- Coat of arms of Urgell

Count of Urgell
- Reign: 1408–1413
- Predecessor: Peter II, Count of Urgell
- Successor: (annexation by Aragon)
- Born: 1380 Balaguer
- Died: 1 June 1433 (aged 52–53) Xàtiva
- Spouse: Isabella of Aragon
- Issue among others...: Isabella Eleanor Joanna
- House: Barcelona
- Father: Peter II, Count of Urgell
- Mother: Margaret Palaiologue

= James II of Urgell =

James II (in Catalan Jaume II d'Urgell or Jaume el Dissortat ("James the unlucky"), in Spanish Jaime II el desafortunado) (1380 – 1 June 1433) was the Count of Urgell (1408–1413), Viscount of Àger, and lord of Antillón, Alcolea de Cinca, and Fraga. Scion of a younger branch of the House of Barcelona and its last legitimate male member, he was the centre of opposition to the House of Trastámara after it succeeded to the Crown of Aragon in 1412.

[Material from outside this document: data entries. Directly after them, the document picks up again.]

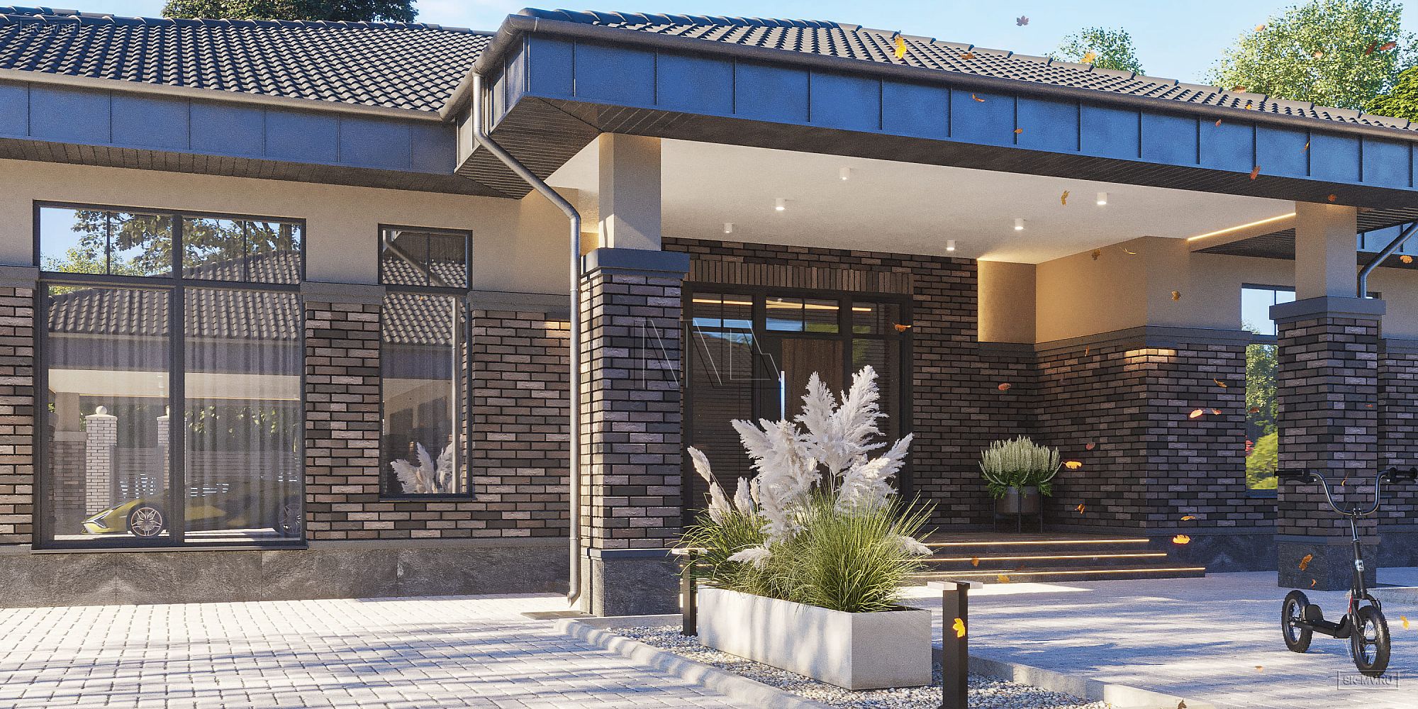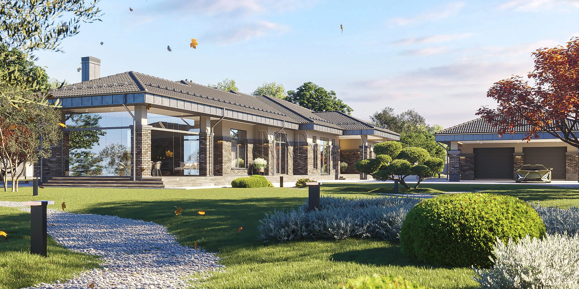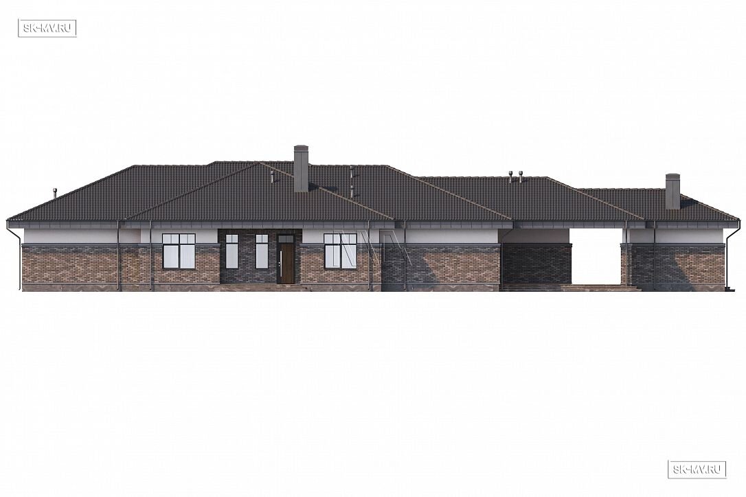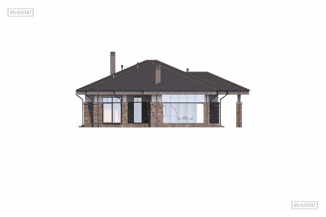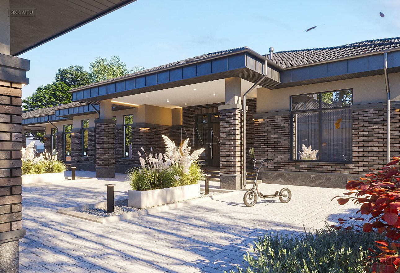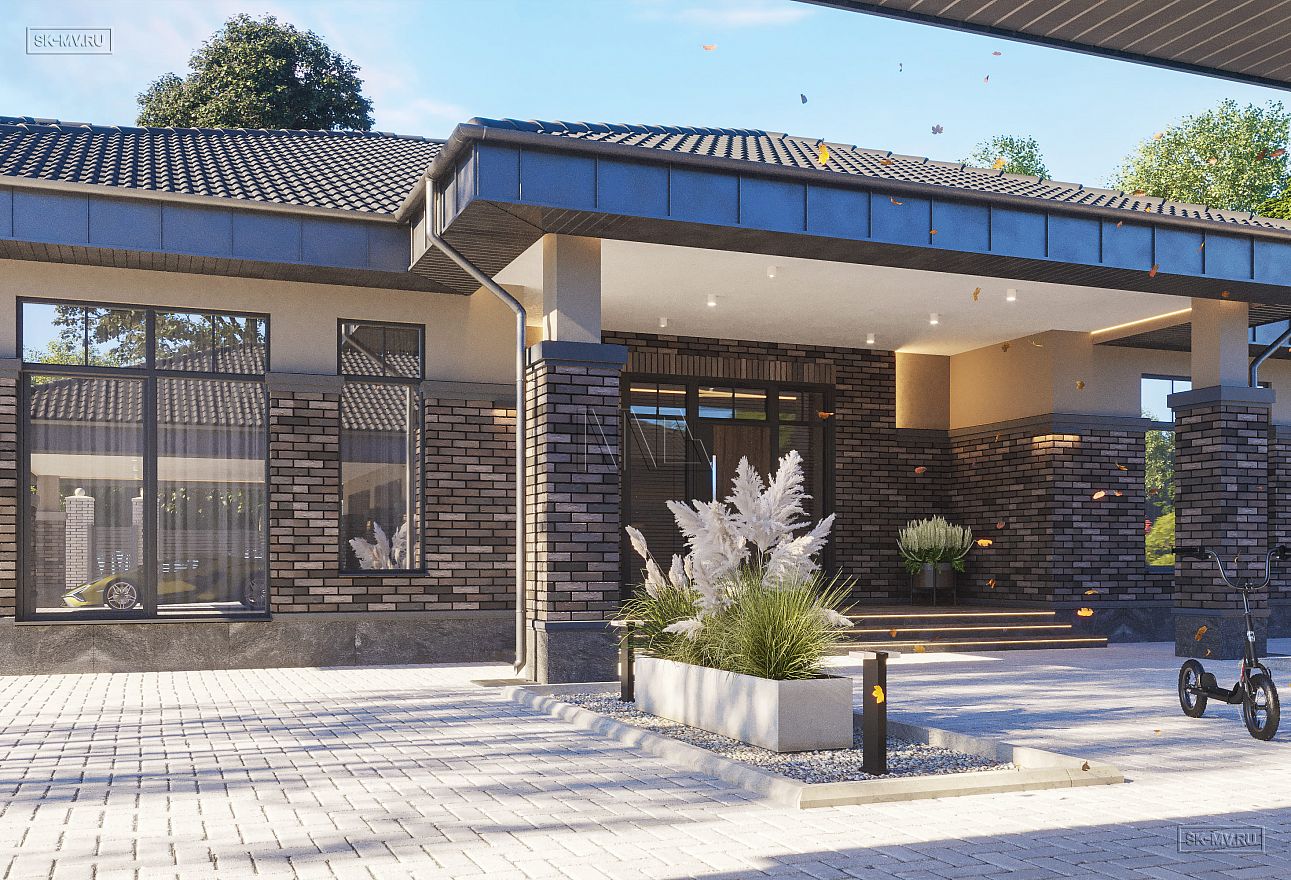 Проект одноэтажного загородного дома «Тула» в современном стиле с застекленной панорамной террасой барбекю и двухместным отдельно стоящим гаражом с навесом. Общая площадь — 368,47 кв.м.
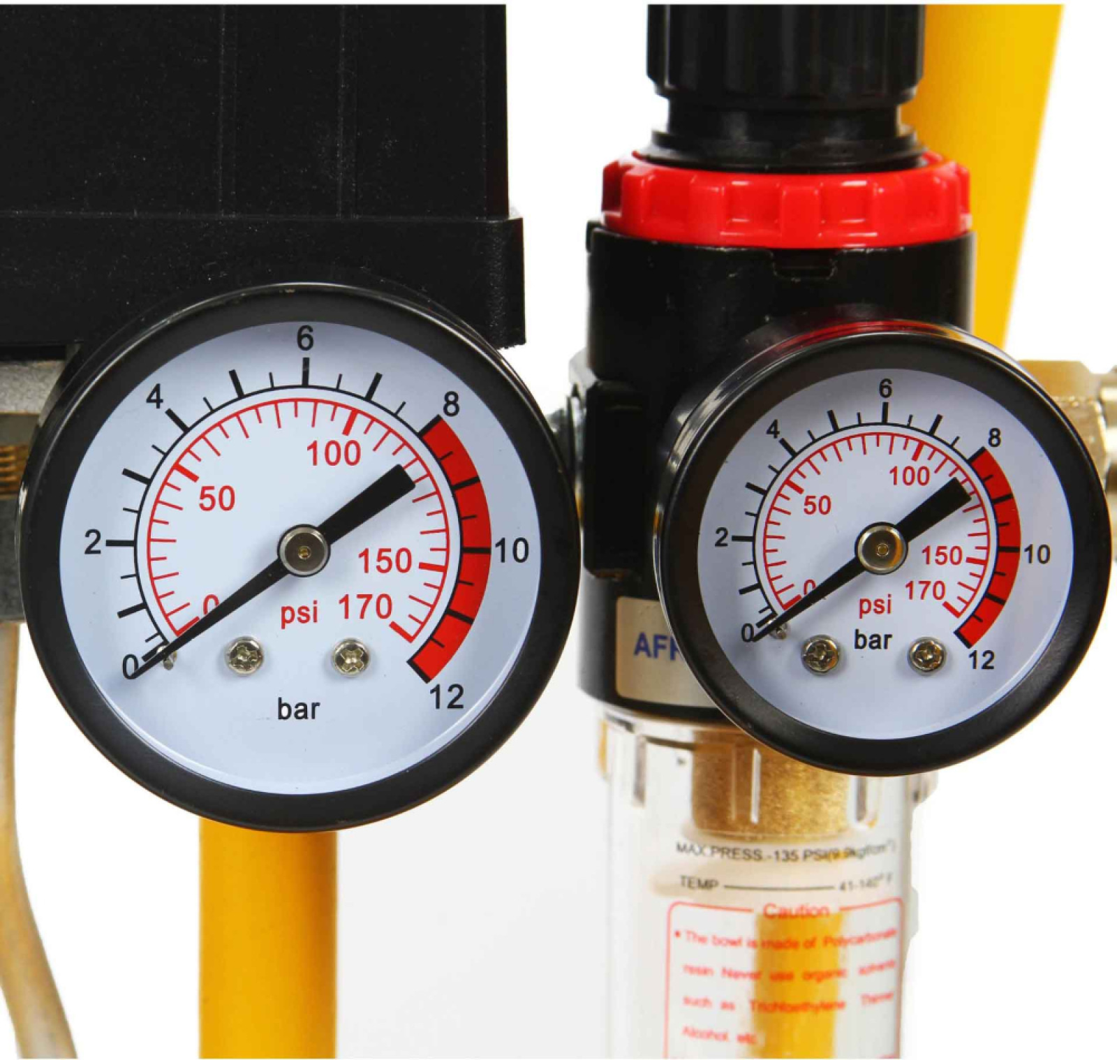 Kompresor sa vyznačuje nízkou spotrebou energie pri zachovaní vysokých prevádzkových parametrov, ktoré je možné monitorované pomocou presných tlakomerov. Väčší manometer vľavo ukazuje aktuálny tlak vo valci. Menší manometer vpravo ukazuje výstupný tlak po nastavení.
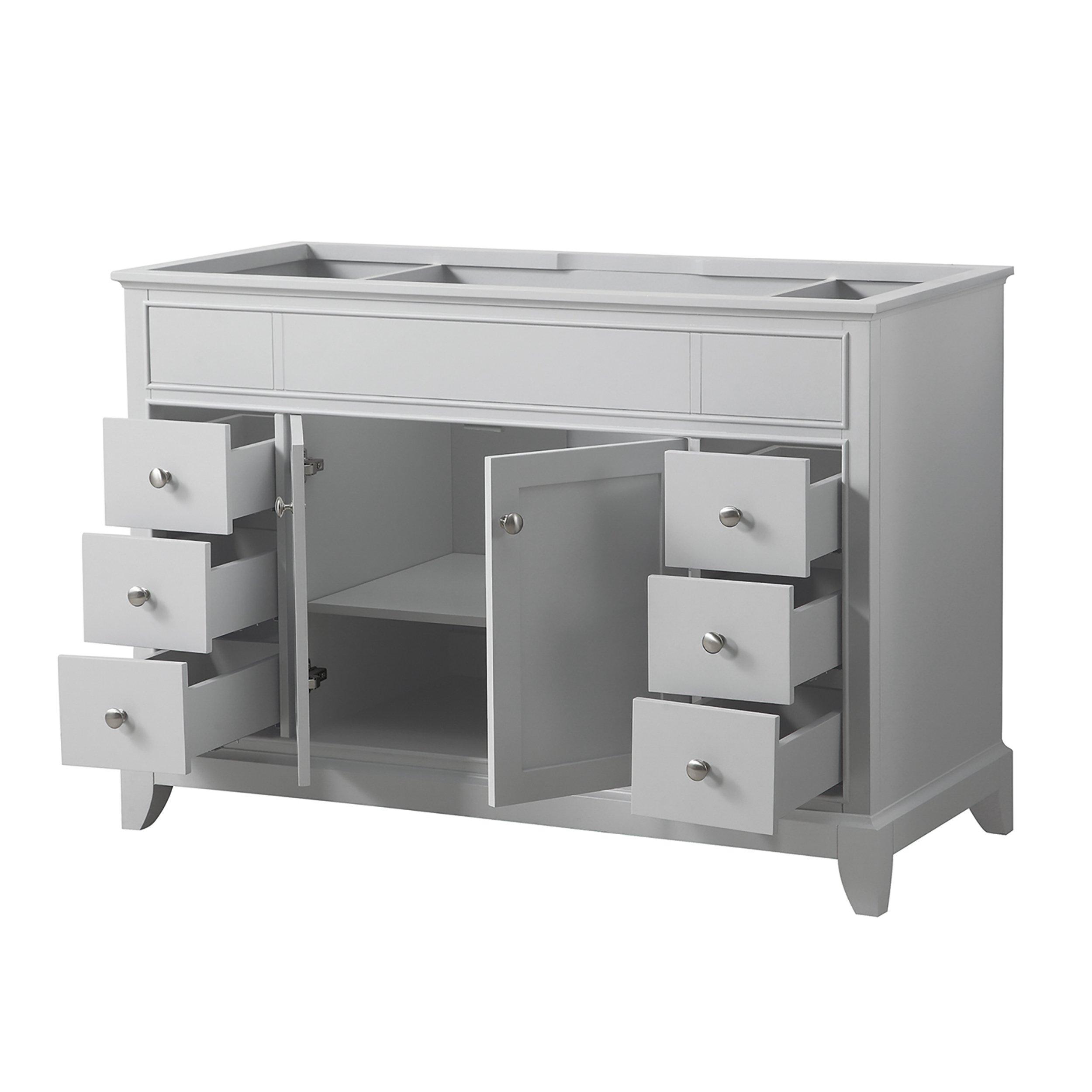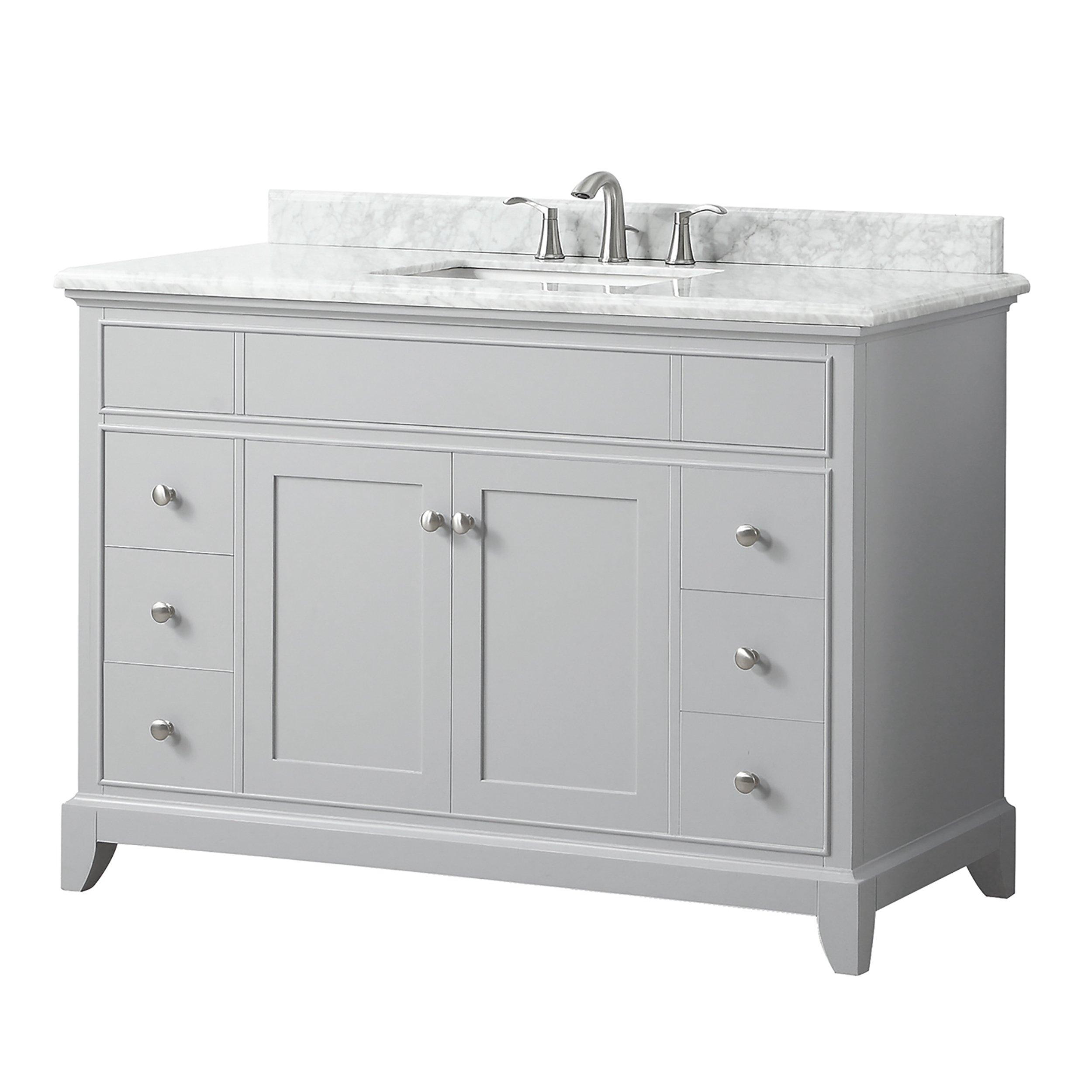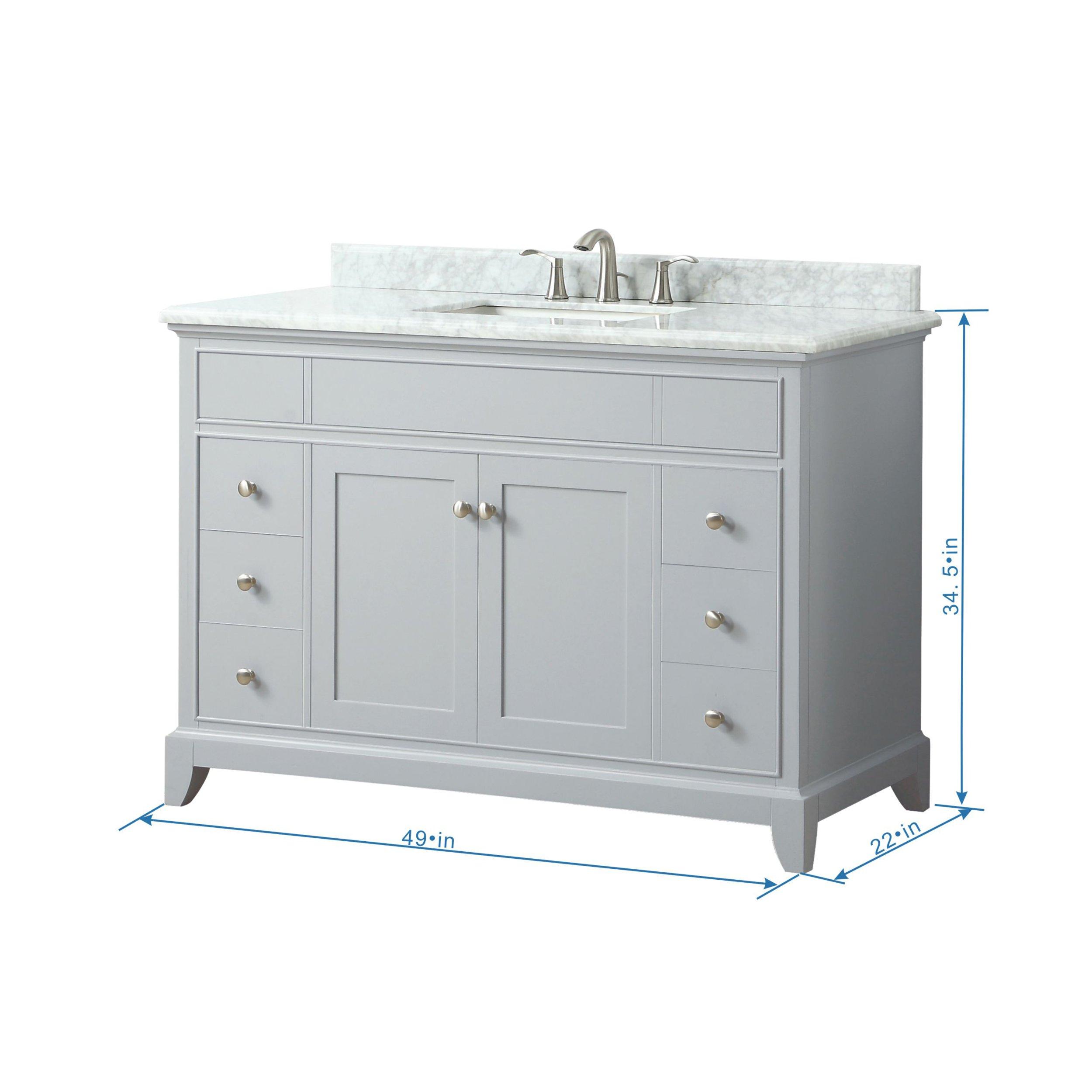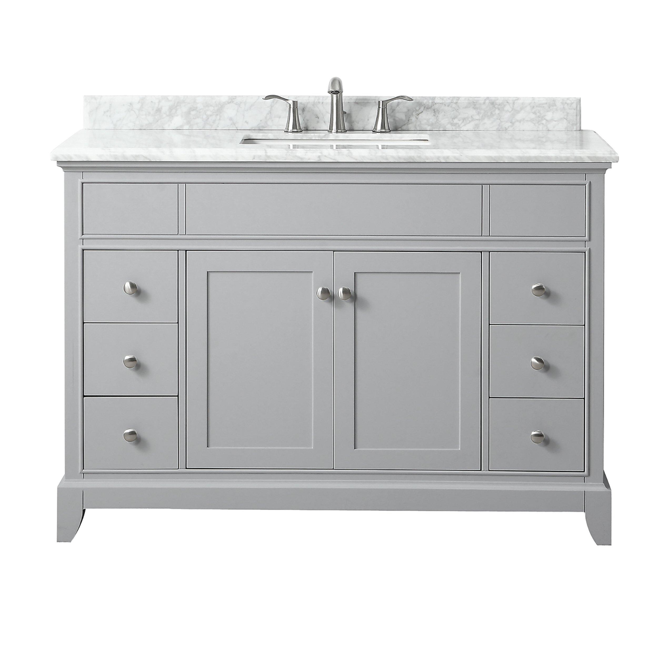 The Aurora 49 in. Gray Vanity with Carrara Marble Top possesses a timeless aesthetic, establishing it as a versatile choice to anchor multiple bathroom settings. This 49in. vanity ensemble features a light gray finish with brushed nickel hardware. It announces its quality with its solid poplar wood frame and soft-close storage compartments. The Aurora vanity combination includes a Carrara marble top and single rectangular undermount sink. Match the vanity with the coordinating mirror and faucet, and Aurora will delight for years to come.• Freestanding Installation• Soft Closing Doors & Drawers• Rectangular Undermount Sink• Adjustable Height Levelers• Warranty: 1 Year Limited• Faucet Sold SeparatelyVANITY DETAILS• Cabinet Color: Light Gray• Cabinet Materials: Hardwood & MDF• Vanity Top Materials: Carrara White Marble• Number of Drawers: 6• Number of Doors: 2• Number of Shelves: 1

Born at Balaguer to Peter II of Urgell and Margaret Palaiologue of Montferrat, James inherited the county of Urgell from his father in 1408. In Valencia on 29 June 1407, he had married Isabella, daughter of Peter IV of Aragon, who appointed him lieutenant of the Kingdom of Aragon in 1408.

Following the death in 1409 of Martin the Younger, heir to the Aragonese Crown, the king appointed James governor-general, an act interpreted by James as implying his heirdom. Following the death of the king in 1410, however, James was one of the six candidates who claimed the throne. Succession through the male line, as ordained in the will of James I of Aragon, would have given him the crown, but through the Compromise of Caspe, Ferdinand of Antequera was elected instead.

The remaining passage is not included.